__Task brief__. In the records below, find the line that contains "Also tried to" and the line that contains "全ての商品 ★当店限定販売オススメ商品★ SuperSALE"; write out exactly those two lines and everything between them, without the pictures.
───── Data to use
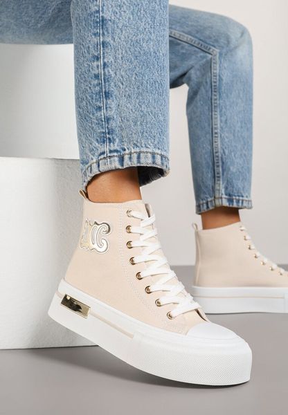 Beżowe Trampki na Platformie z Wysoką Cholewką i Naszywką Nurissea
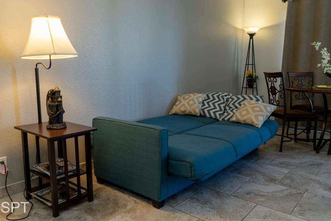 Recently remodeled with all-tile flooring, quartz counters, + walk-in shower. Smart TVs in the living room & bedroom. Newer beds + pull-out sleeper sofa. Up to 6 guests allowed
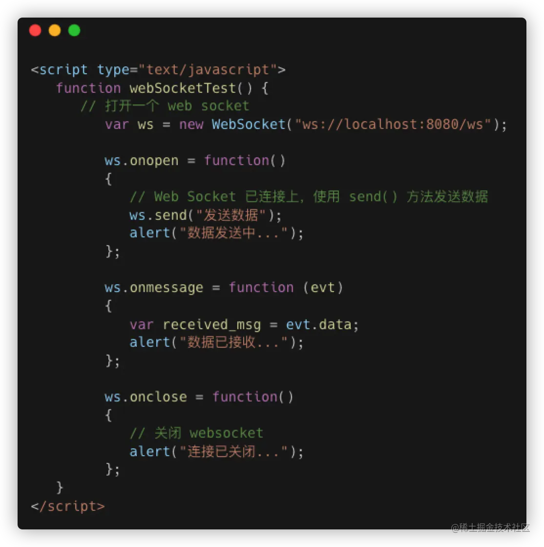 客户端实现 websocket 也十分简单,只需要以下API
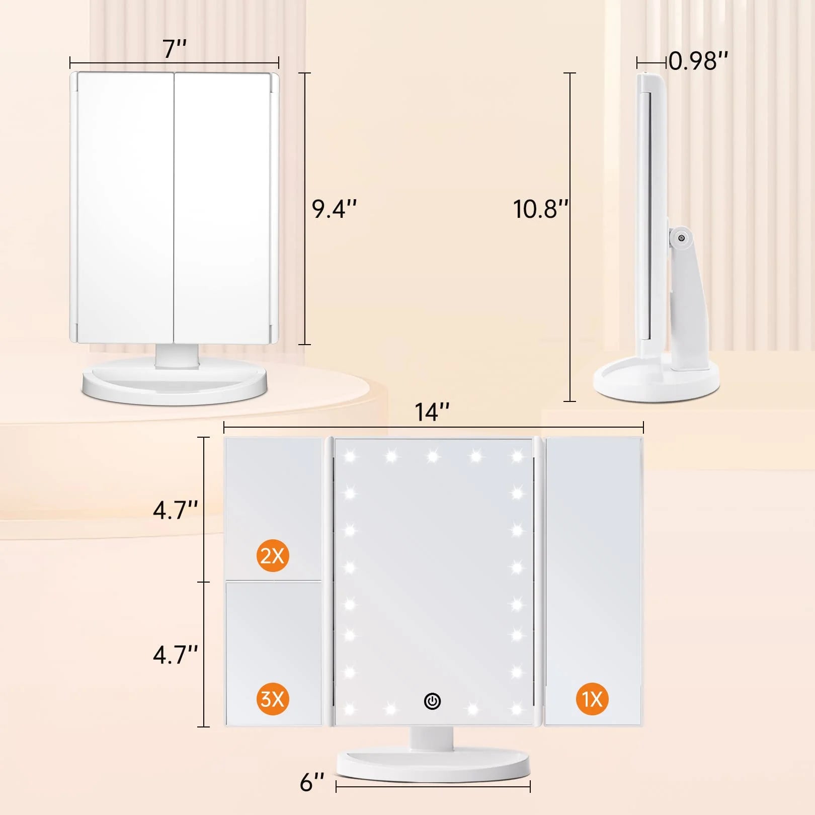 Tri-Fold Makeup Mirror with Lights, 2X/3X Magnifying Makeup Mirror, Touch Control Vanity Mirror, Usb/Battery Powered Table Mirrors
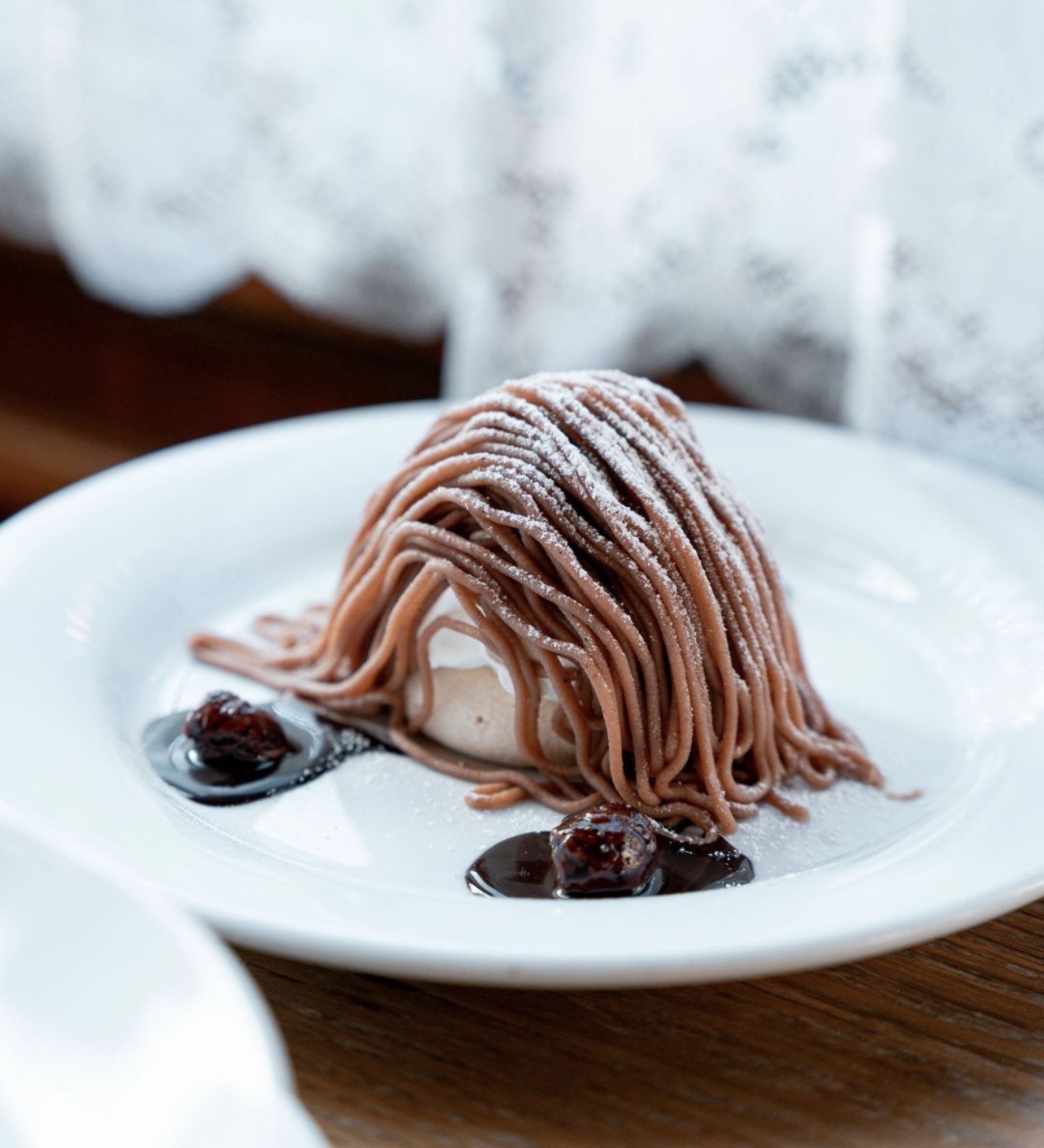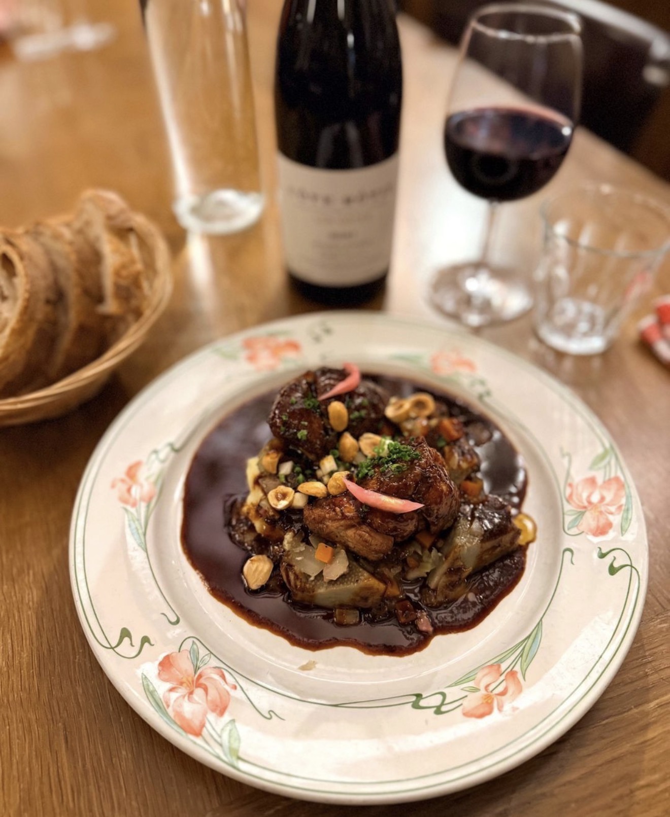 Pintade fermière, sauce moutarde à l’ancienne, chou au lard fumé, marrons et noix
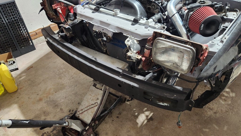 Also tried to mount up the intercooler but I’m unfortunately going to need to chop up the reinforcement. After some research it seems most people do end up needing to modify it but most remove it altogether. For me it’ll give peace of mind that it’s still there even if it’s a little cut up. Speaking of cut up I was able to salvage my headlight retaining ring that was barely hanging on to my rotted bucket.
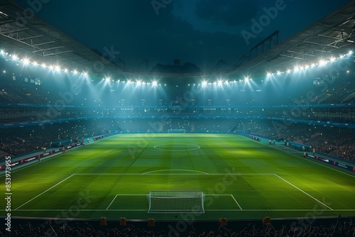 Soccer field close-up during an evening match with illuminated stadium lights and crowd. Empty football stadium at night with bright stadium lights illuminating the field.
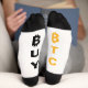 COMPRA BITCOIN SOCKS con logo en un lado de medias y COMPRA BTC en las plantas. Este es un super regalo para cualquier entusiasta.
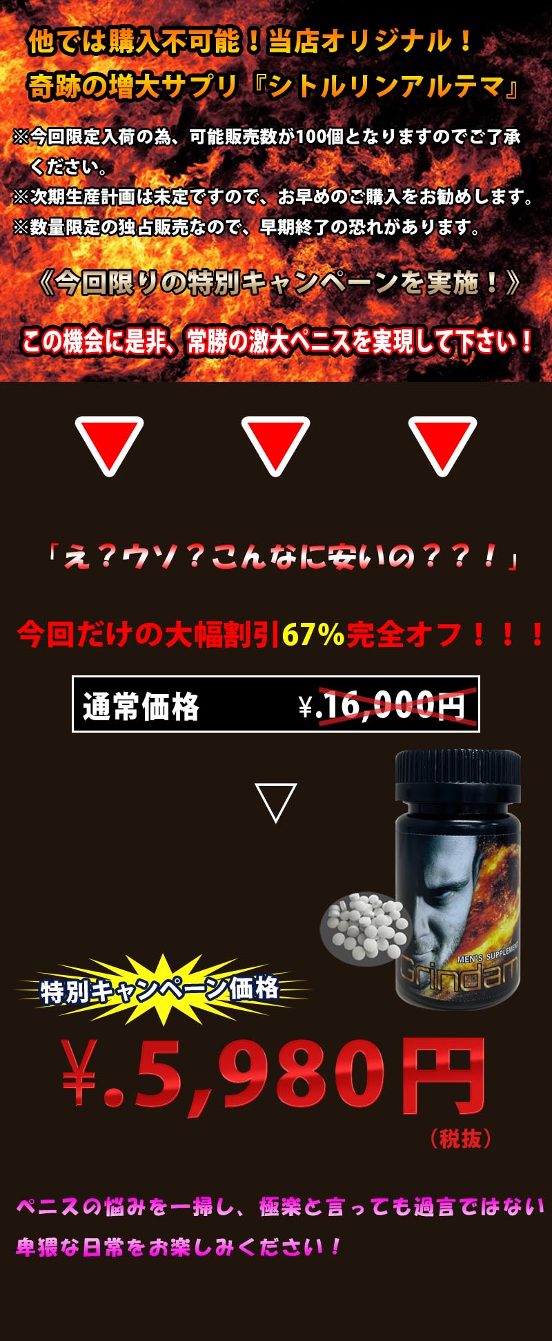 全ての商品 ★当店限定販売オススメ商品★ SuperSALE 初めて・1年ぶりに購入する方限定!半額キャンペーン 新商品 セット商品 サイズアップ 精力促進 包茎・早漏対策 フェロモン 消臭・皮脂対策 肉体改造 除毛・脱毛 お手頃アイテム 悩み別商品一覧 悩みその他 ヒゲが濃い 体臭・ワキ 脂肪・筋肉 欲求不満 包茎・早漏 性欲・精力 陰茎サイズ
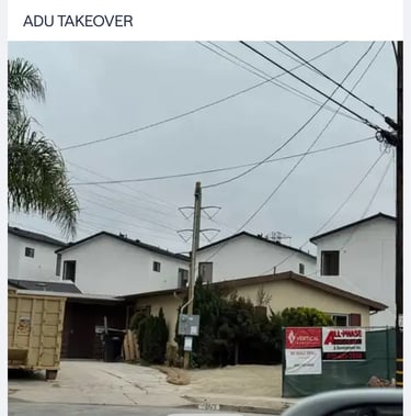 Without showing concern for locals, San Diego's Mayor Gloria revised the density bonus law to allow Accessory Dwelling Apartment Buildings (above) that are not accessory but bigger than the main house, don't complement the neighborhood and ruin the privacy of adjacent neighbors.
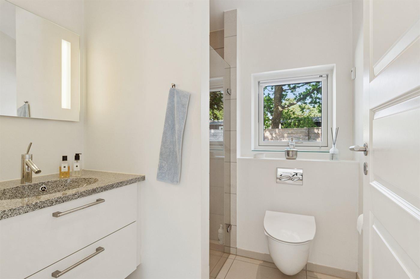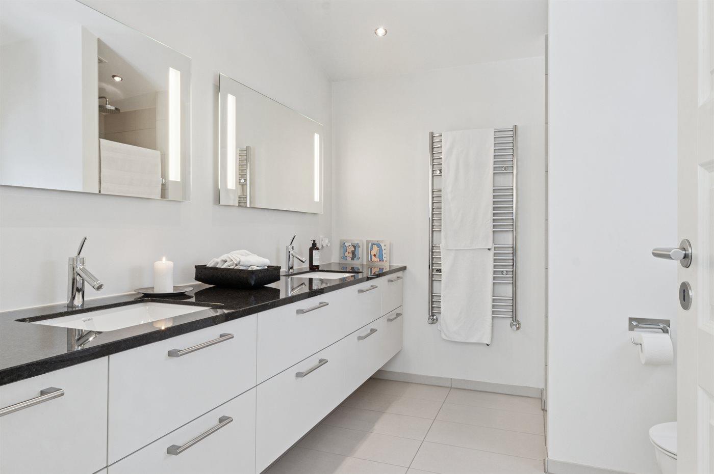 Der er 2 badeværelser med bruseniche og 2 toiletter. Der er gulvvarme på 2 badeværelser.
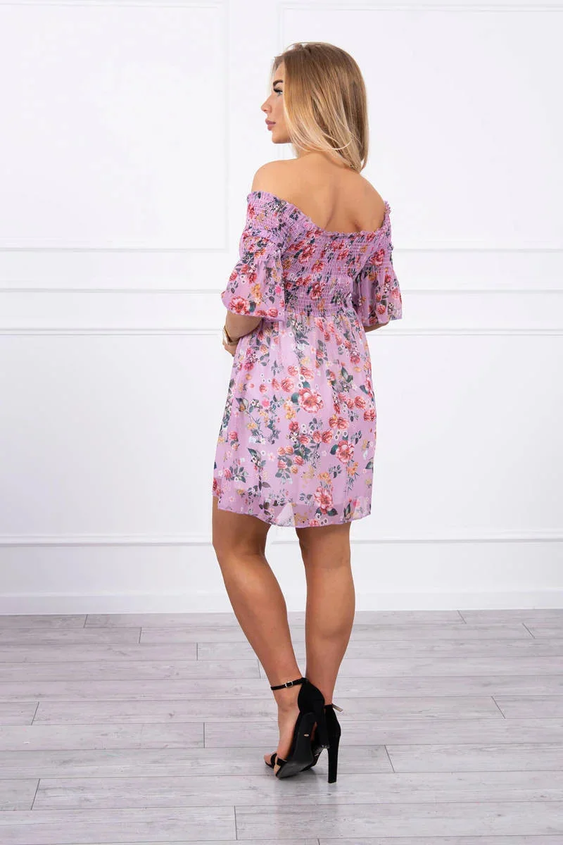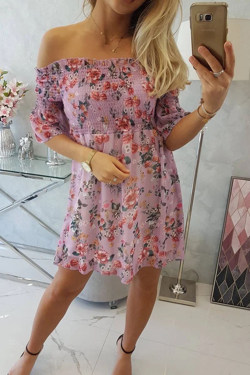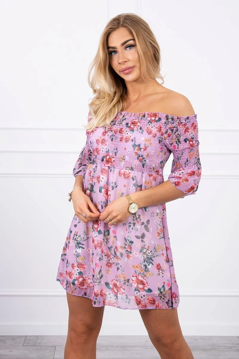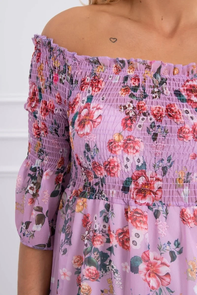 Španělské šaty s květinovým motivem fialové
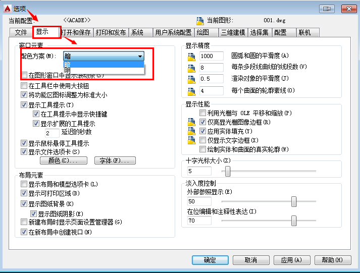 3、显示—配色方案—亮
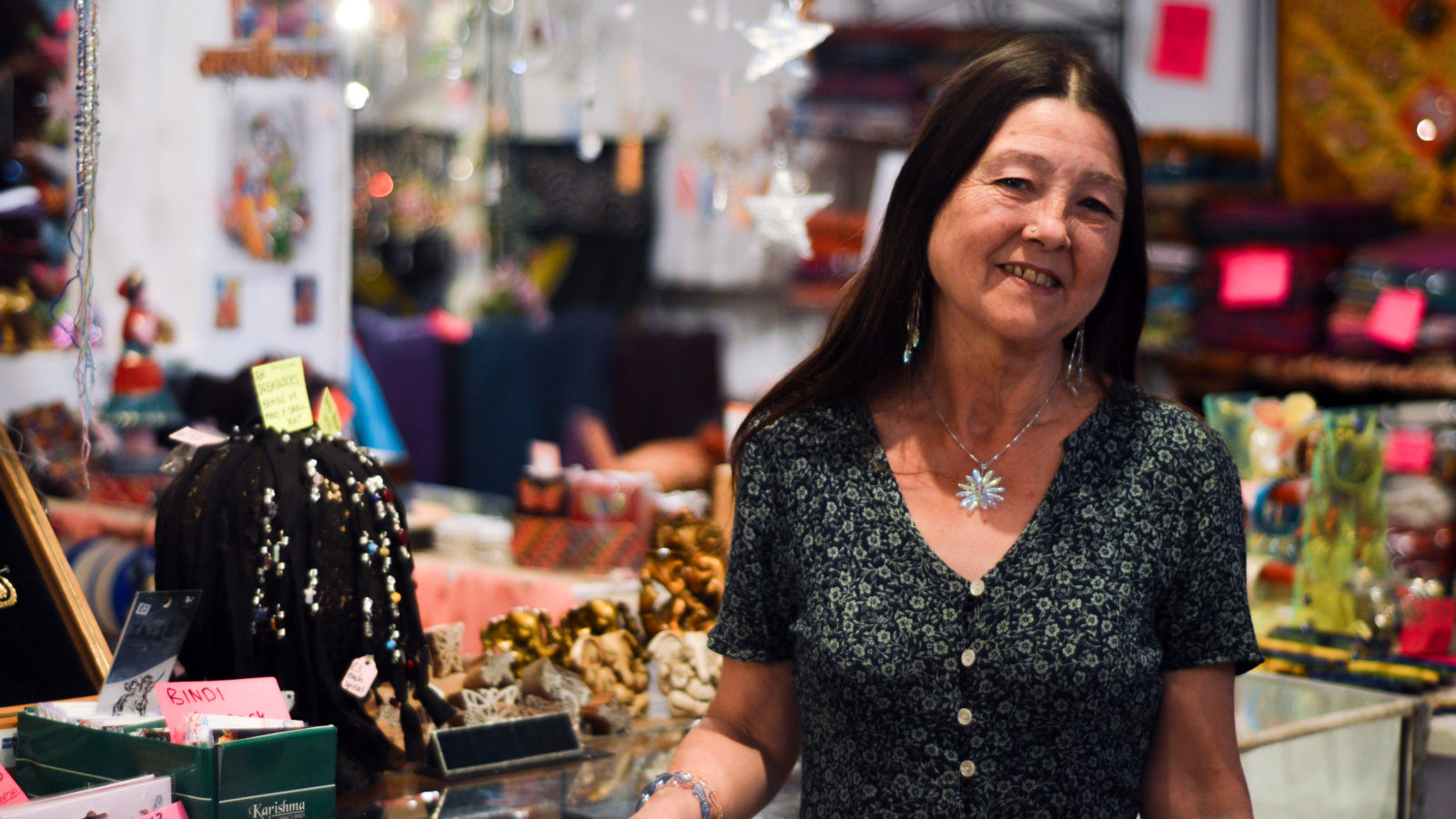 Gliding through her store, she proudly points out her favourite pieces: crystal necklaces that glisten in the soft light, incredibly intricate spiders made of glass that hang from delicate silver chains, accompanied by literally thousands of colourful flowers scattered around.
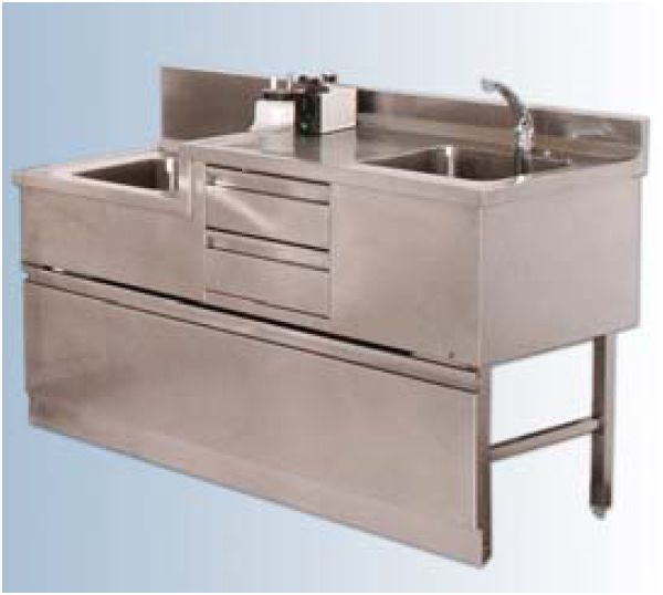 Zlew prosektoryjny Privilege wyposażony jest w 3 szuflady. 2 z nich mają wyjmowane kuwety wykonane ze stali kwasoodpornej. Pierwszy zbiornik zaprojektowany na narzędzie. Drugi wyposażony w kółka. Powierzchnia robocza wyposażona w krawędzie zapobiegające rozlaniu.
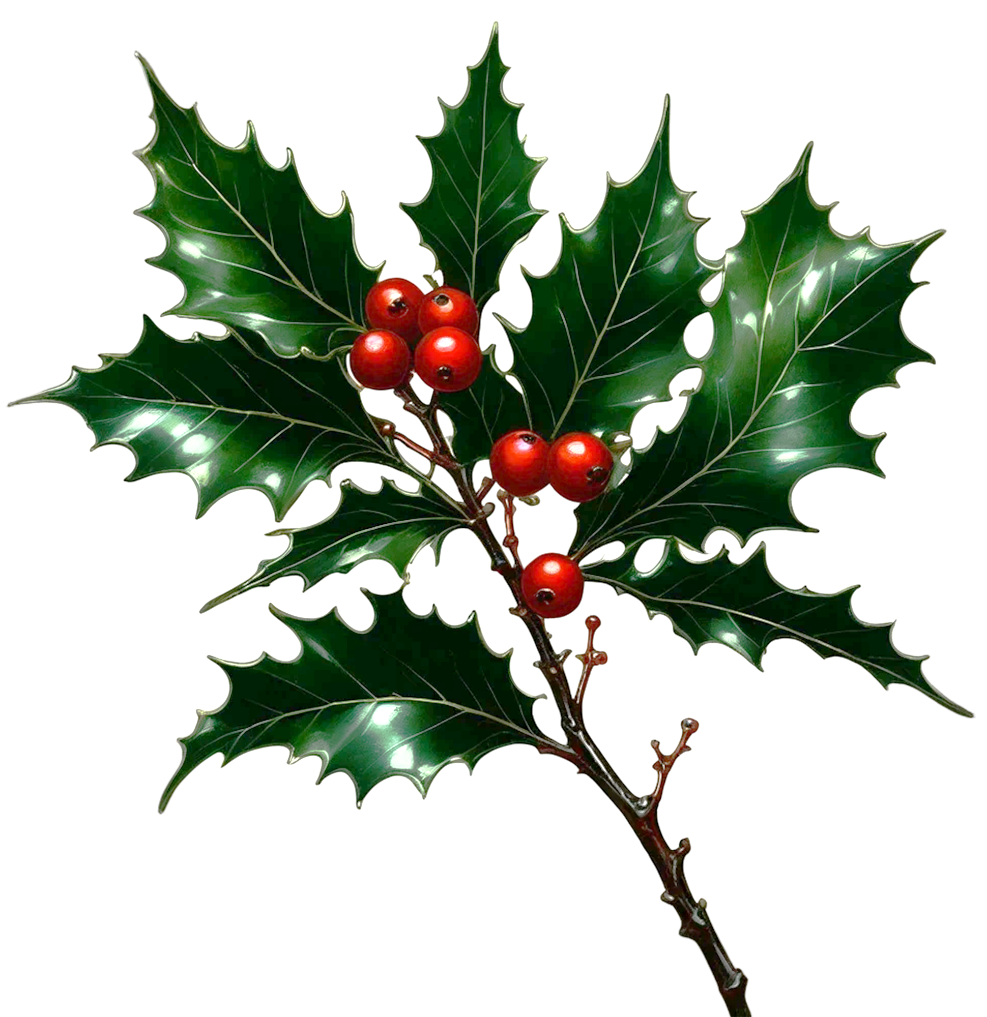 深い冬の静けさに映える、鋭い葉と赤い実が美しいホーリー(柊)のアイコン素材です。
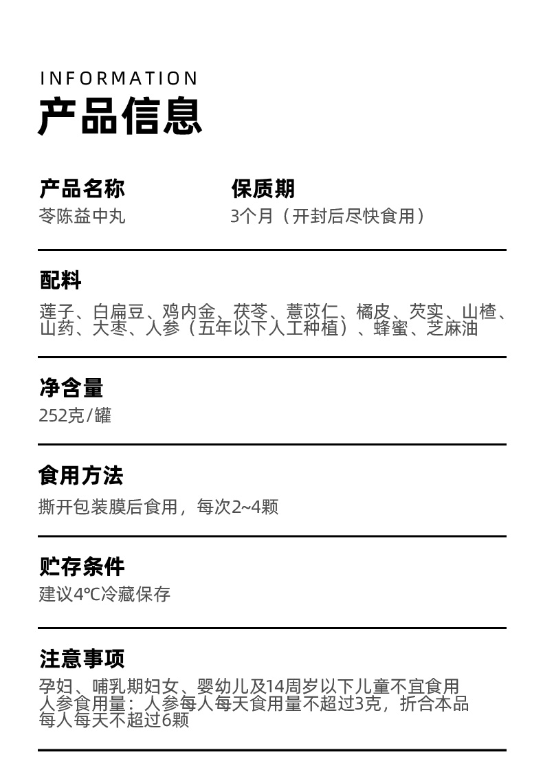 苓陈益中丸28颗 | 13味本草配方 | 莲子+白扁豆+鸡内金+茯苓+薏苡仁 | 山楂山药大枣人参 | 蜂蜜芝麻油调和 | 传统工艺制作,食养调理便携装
──────────
__Response for this exercise__.
 Also tried to mount up the intercooler but I’m unfortunately going to need to chop up the reinforcement. After some research it seems most people do end up needing to modify it but most remove it altogether. For me it’ll give peace of mind that it’s still there even if it’s a little cut up. Speaking of cut up I was able to salvage my headlight retaining ring that was barely hanging on to my rotted bucket.
 Soccer field close-up during an evening match with illuminated stadium lights and crowd. Empty football stadium at night with bright stadium lights illuminating the field.
 COMPRA BITCOIN SOCKS con logo en un lado de medias y COMPRA BTC en las plantas. Este es un super regalo para cualquier entusiasta.
 全ての商品 ★当店限定販売オススメ商品★ SuperSALE 初めて・1年ぶりに購入する方限定!半額キャンペーン 新商品 セット商品 サイズアップ 精力促進 包茎・早漏対策 フェロモン 消臭・皮脂対策 肉体改造 除毛・脱毛 お手頃アイテム 悩み別商品一覧 悩みその他 ヒゲが濃い 体臭・ワキ 脂肪・筋肉 欲求不満 包茎・早漏 性欲・精力 陰茎サイズ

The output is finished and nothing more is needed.